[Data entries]
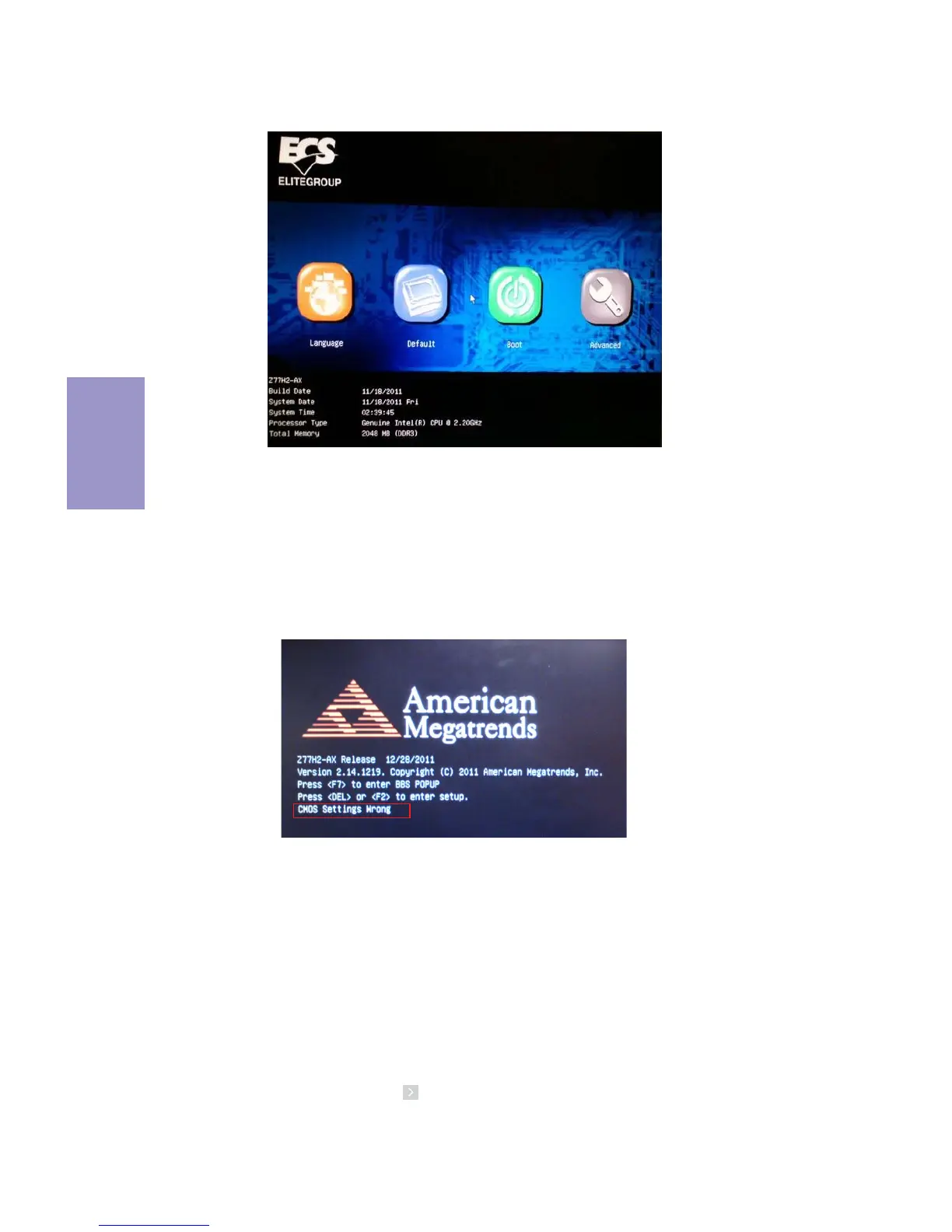 Wrong” message. This standard message will appear following a clear CMOS data
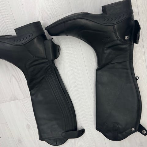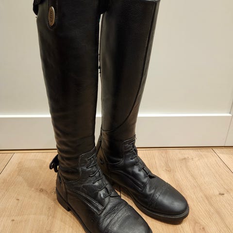 CRW Brandon ratsastussaappaat, koko 37. Saappaat ovat mustaa nahkaa ja niissä on vetoketju sivussa. Pohjat ovat kuvioidut tarjoamaan pitoa. Sopivat ratsastukseen tai muuhun ulkoilukäyttöön.
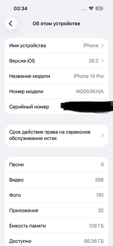 - Модель: iPhone 14 Pro (номер модели NQ0G3KH/A)
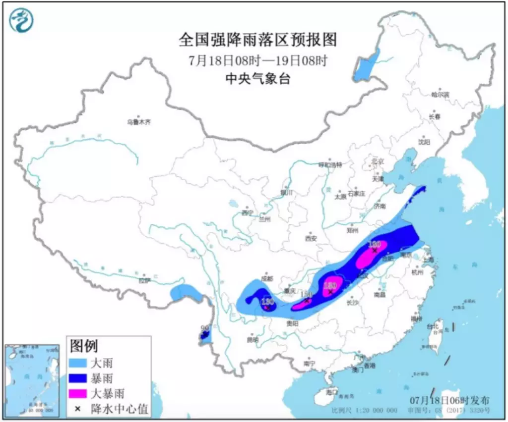 預計18日8時至19日8時,黃淮東部和南部、江淮、江漢南部和東部、湖南北部、西南地區東部、雲南北部等地的部分地區有大到暴雨。其中,安徽中北部、河南東南部、湖北東部和西南部、湖南西北部以及貴州中北部和雲南東北部等地的部分地區有大暴雨。
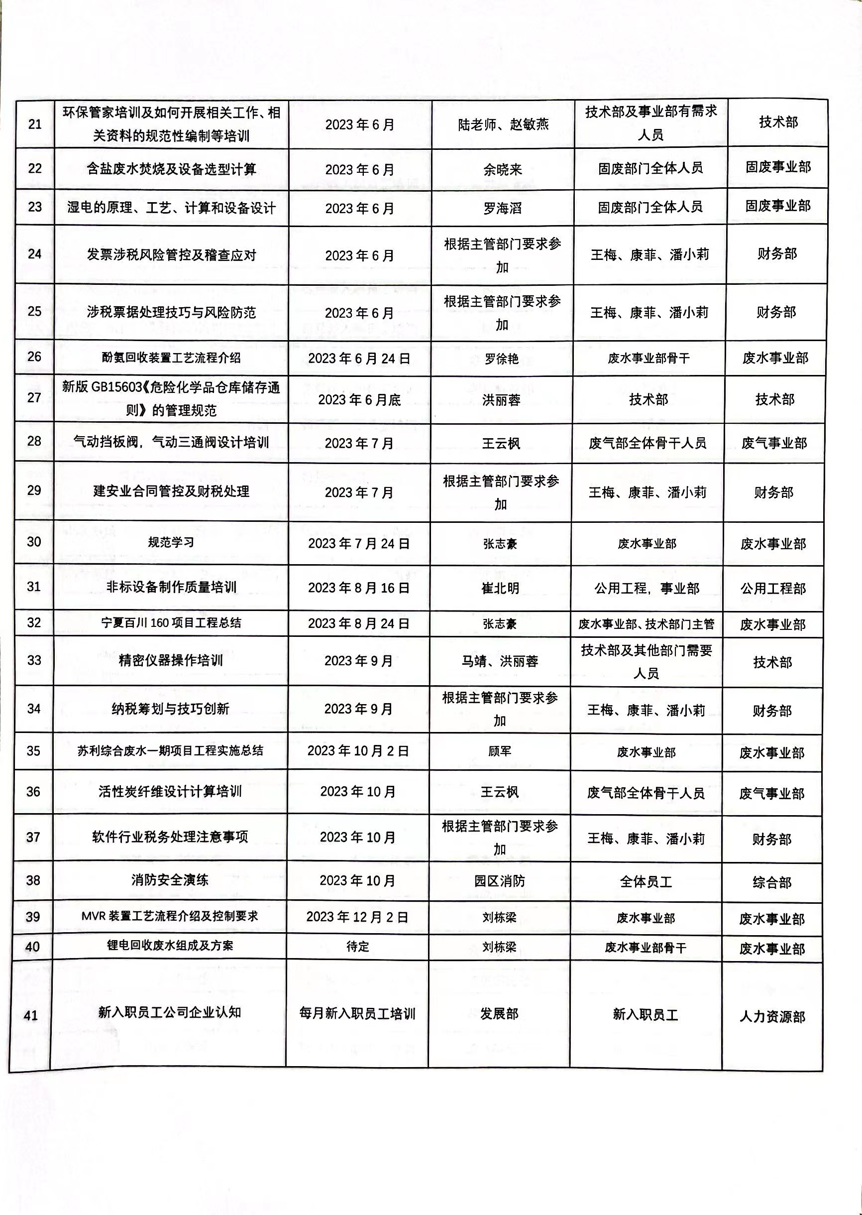 随着研究院各产业板块的不断升级,研究院队伍也在发展壮大,为了增强我院人才队伍建设,保证企业可持续性发展,根据公司2023年的发展目标,为提高整体人员素质,我院于2023年度制定各项培训计划,培训内容包括新员工的岗前培训、业务技能培训、专业知识培训、消防知识等,拟定培训80余场次,参与人员需达百人,覆盖公司全体员工,全面启动培训工程,创建一支高素质,高技能的员工队伍,做好年度员工的培训工作。
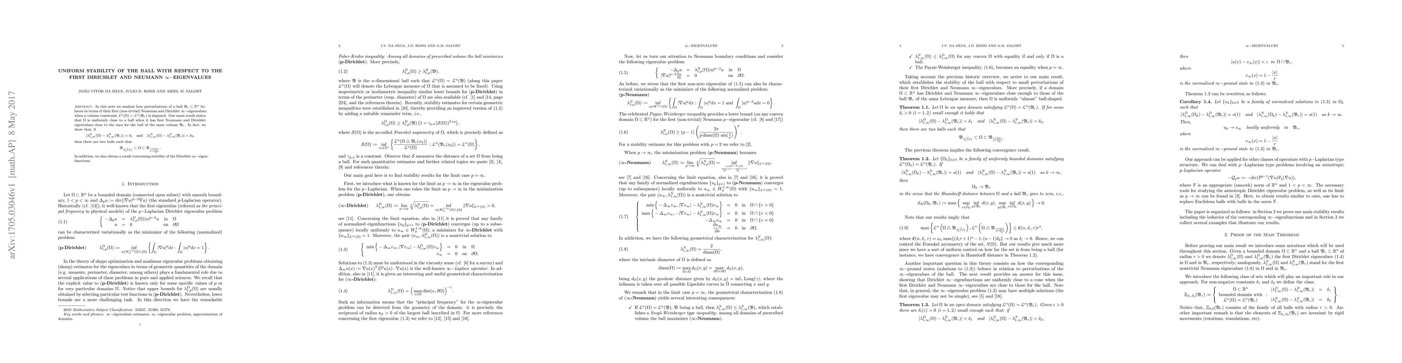 The paper investigates how perturbations of a ball behave in terms of their first Neumann and Dirichlet $\infty-$eigenvalues when subject to a volume constraint, showing that the perturbation is uniformly close to a ball if its eigenvalues are close to those of the original ball.
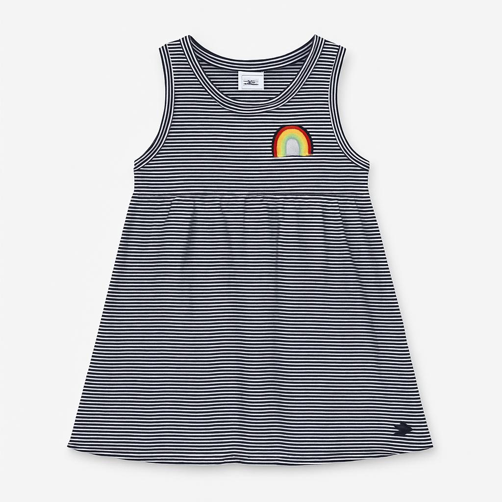 Questo adorabile vestitino a righe è perfetto per le piccole sognatrici! Realizzato in morbido cotone, presenta una simpatica applicazione di arcobaleno sul petto, che aggiunge un tocco di colore e gioia. Con le sue maniche senza spalline e il taglio ampio, è ideale per le calde giornate estive e per le avventure all'aperto. Nonostante sia un capo usato, si trova in ottime condizioni, pronto per essere indossato da una piccola esploratrice. Un must-have per un look fresco e giocoso!
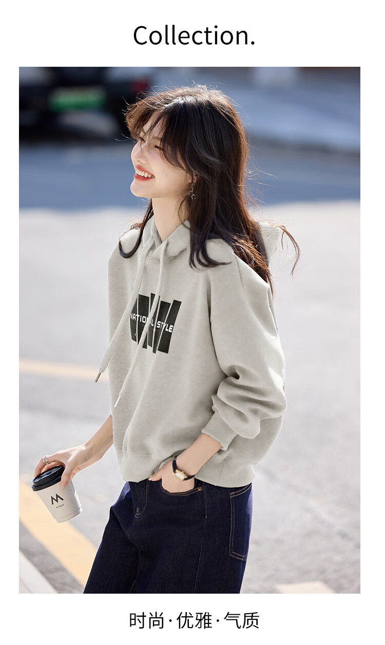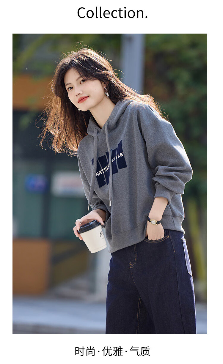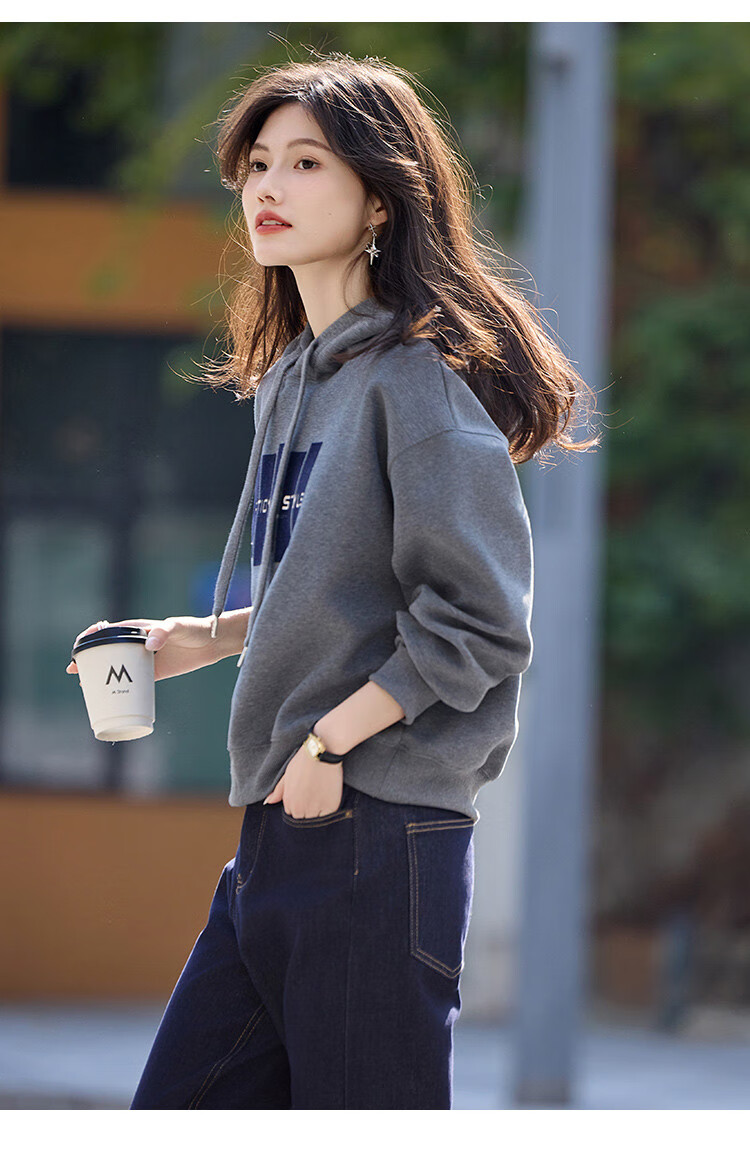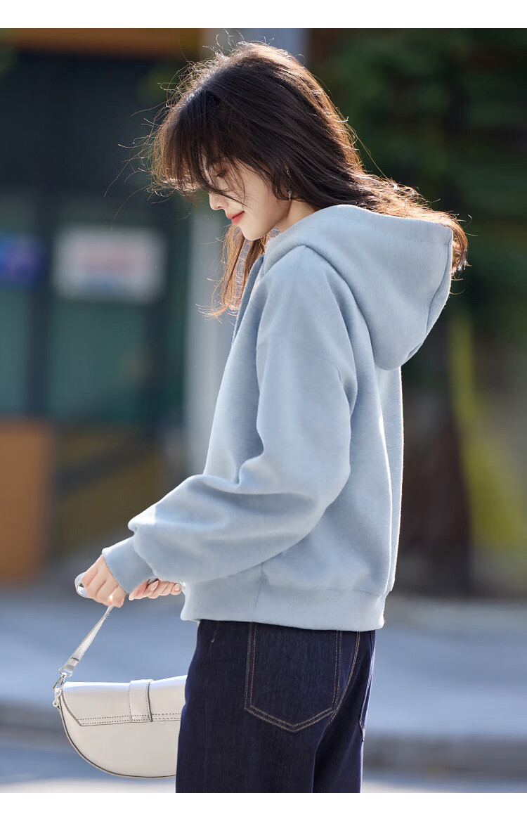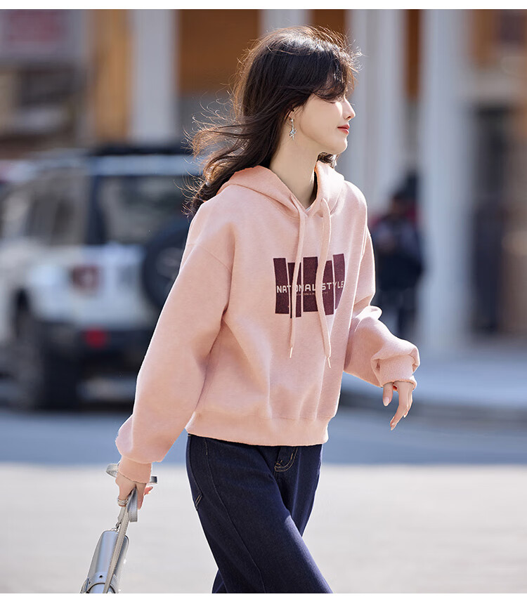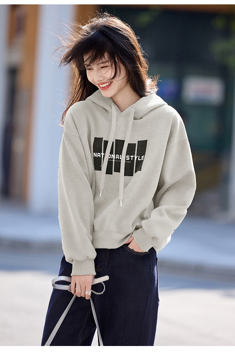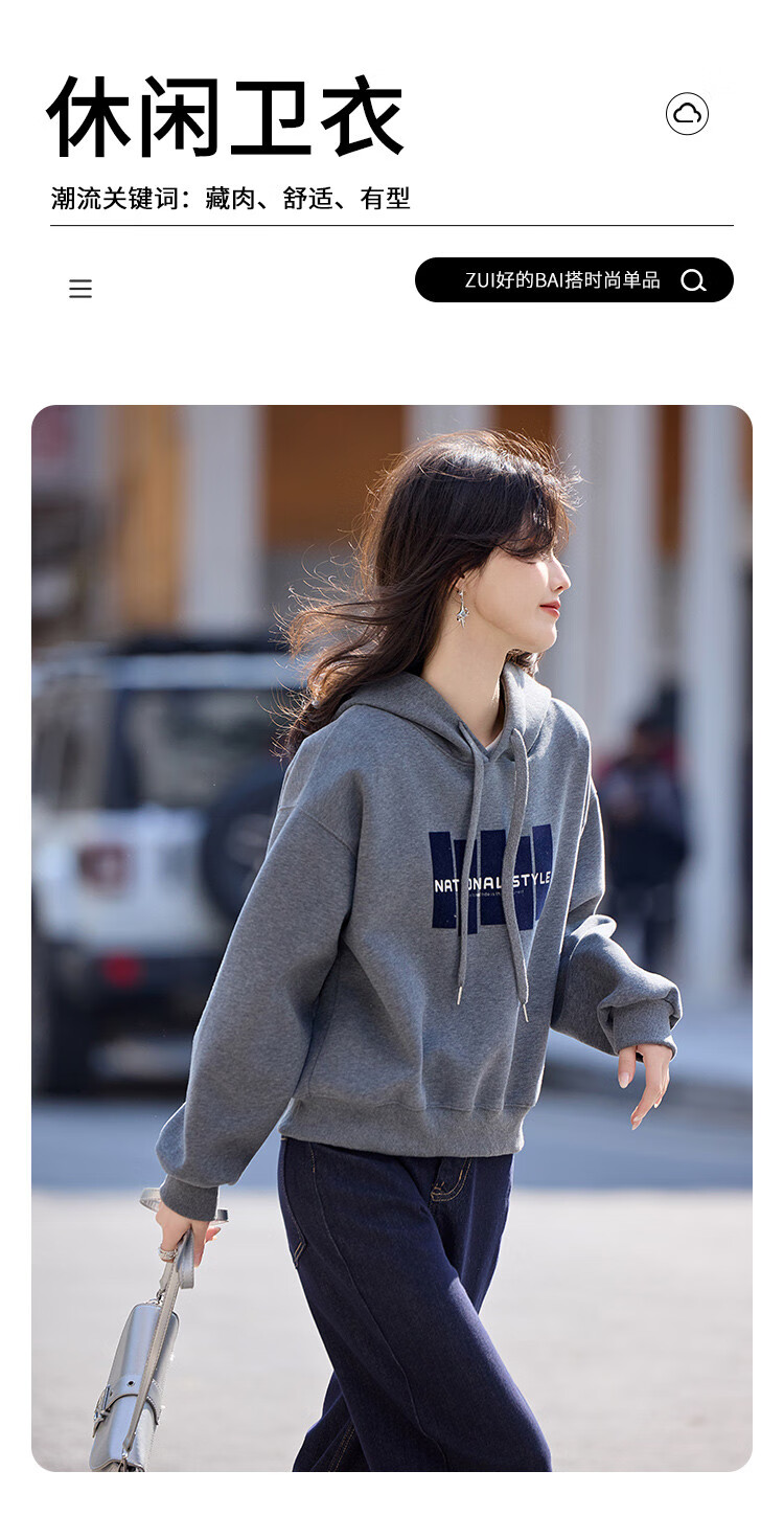Shangjing Letter Color Block Hooded Sweatshirt Women's 2025 Autumn New Loose Casual Versatile Drawstring Top Blue L
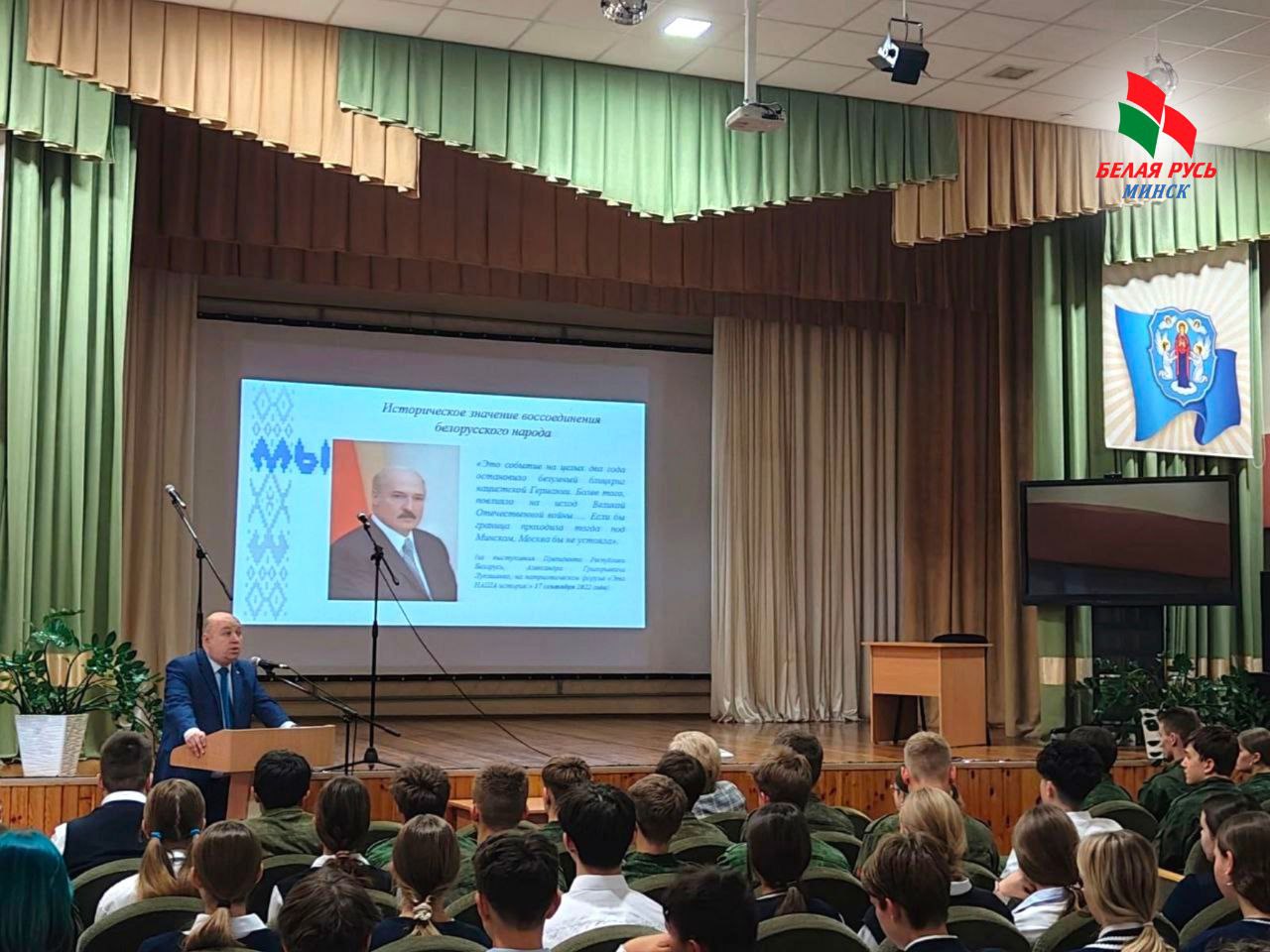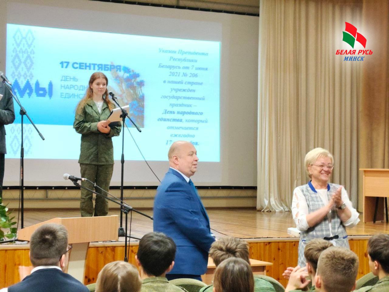 Председатель Фрунзенской «Белой Руси» Игорь Тимашишин рассказал о том, что объединяет нас как народ, о силе нашей страны и о том, как важно помнить прошлое, чтобы строить уверенное будущее. Ученики активно участвовали в обсуждениях, делились своими мыслями и узнавали новое.

*PROMPT:*
Retype each line above precisely, please. Skip anything that is a picture.

*RESULT OF THE EXERCISE:*
 Wrong” message. This standard message will appear following a clear CMOS data
 CRW Brandon ratsastussaappaat, koko 37. Saappaat ovat mustaa nahkaa ja niissä on vetoketju sivussa. Pohjat ovat kuvioidut tarjoamaan pitoa. Sopivat ratsastukseen tai muuhun ulkoilukäyttöön.
 - Модель: iPhone 14 Pro (номер модели NQ0G3KH/A)
 預計18日8時至19日8時,黃淮東部和南部、江淮、江漢南部和東部、湖南北部、西南地區東部、雲南北部等地的部分地區有大到暴雨。其中,安徽中北部、河南東南部、湖北東部和西南部、湖南西北部以及貴州中北部和雲南東北部等地的部分地區有大暴雨。
 随着研究院各产业板块的不断升级,研究院队伍也在发展壮大,为了增强我院人才队伍建设,保证企业可持续性发展,根据公司2023年的发展目标,为提高整体人员素质,我院于2023年度制定各项培训计划,培训内容包括新员工的岗前培训、业务技能培训、专业知识培训、消防知识等,拟定培训80余场次,参与人员需达百人,覆盖公司全体员工,全面启动培训工程,创建一支高素质,高技能的员工队伍,做好年度员工的培训工作。
 The paper investigates how perturbations of a ball behave in terms of their first Neumann and Dirichlet $\infty-$eigenvalues when subject to a volume constraint, showing that the perturbation is uniformly close to a ball if its eigenvalues are close to those of the original ball.
 Questo adorabile vestitino a righe è perfetto per le piccole sognatrici! Realizzato in morbido cotone, presenta una simpatica applicazione di arcobaleno sul petto, che aggiunge un tocco di colore e gioia. Con le sue maniche senza spalline e il taglio ampio, è ideale per le calde giornate estive e per le avventure all'aperto. Nonostante sia un capo usato, si trova in ottime condizioni, pronto per essere indossato da una piccola esploratrice. Un must-have per un look fresco e giocoso!
Shangjing Letter Color Block Hooded Sweatshirt Women's 2025 Autumn New Loose Casual Versatile Drawstring Top Blue L
 Председатель Фрунзенской «Белой Руси» Игорь Тимашишин рассказал о том, что объединяет нас как народ, о силе нашей страны и о том, как важно помнить прошлое, чтобы строить уверенное будущее. Ученики активно участвовали в обсуждениях, делились своими мыслями и узнавали новое.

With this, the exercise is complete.